Even from earthly love thy face avert not,
Since to the Real it may serve to raise thee.
Ere A, B, C, are rightly apprehended,
How canst thou con the pages of the Qur'án?
A sage (so heard I) unto whom a scholar
Came craving counsel on the course before him,
Said, ‘If thy steps be strangers to Love's pathways,
Depart, learn love, and then return before me!
For, should'st thou fear to drink wine from Form's flagon,
Thou canst not drain the draughts of the Ideal.
But yet beware! Be not by Form belated;
Strive rather with all speed the bridge to traverse.
If to the bourn thou fain would'st bear thy baggage
Upon the bridge let not thy footsteps linger.’”

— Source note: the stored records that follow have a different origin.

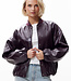 Vegan leren jas met lakafwerking en elastische zoom voor een gemakkelijke en comfortabele tuck-in look.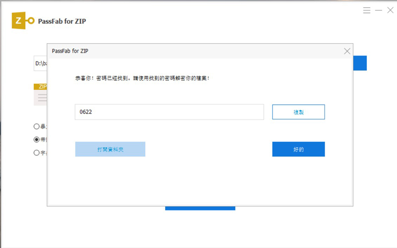 步驟3:我設定的壓縮檔密碼是0622,只需幾秒鐘就成功破解了!成功破解後操作界面上會顯示您的密碼,您可以直接點擊“複製”來解壓您的壓縮檔。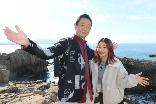 東尋坊へやってきた三田村。ここからは眞鍋かをりとご褒美たび。なんと10年ぶりの番組出演!

Hence the Ṣúfís say: “Al-majázu qanṭaratu'l-Ḥaqíqat” (“The Phantasmal is the Bridge to the Real”): by the typal love the Pilgrim (sálik) learns to forget self and to see only the beloved, until he at length realises that what he loves in his beloved is a mere dim reflection of the Eternal Beauty, which “appears in thousands of mirrors, yet is but One.” Of this rather than of the cold metaphysics of Buddhism might Sir Edwin Arnold have been writing where he says:*

“For love to clasp Eternal Beauty close,
For glory to be Lord of self, for pleasure
To live beyond the gods; for countless wealth
To lay up lasting treasure

Of perfect service rendered, duties done
In charity, soft speech, and stainless days:
These riches shall not fade away in life,
Nor any death dispraise.

While his equally beautiful definition of Nirvâna* admirably describes the Ṣúfí idea of “Annihilation in God”:—

“Seeking nothing, he gains all;
Foregoing self, the Universe grows ‘I’:
If any teach Nirvâna is to cease,
Say unto such they lie.

If any teach Nirvâna is to live,
Say unto such they err, not knowing this,
Nor what light shines beyond their broken lamps,
Nor lifeless, timeless bliss.”

Ṣúfíism has been discussed by other writers so much more fully than most of the topics mentioned in these pages that I do not propose to devote more space to it in this volume. As already remarked, it essentially differs from most of the creeds hitherto described in its latitudinarian and non-proselytising character. It seeks not so much to convert those of other faiths as to understand what particular aspect of Truth each of these creeds represents. How it understands the Muhammadan doctrine of the Divine Unity we have already seen. In the Dualism of the Magians and the Manichæans it sees typified the interaction of Being and Not Being wherefrom the Phenomenal World results. The Christian Trinity typifies the Light of Being, the Mirror of the purified human soul, and the Rays of the Divine Outpouring. Even from Idolatry there are lessons to be learned.* How far removed is this attitude of mind from that of the dogmatic and exclusive creeds which have hitherto occupied our attention!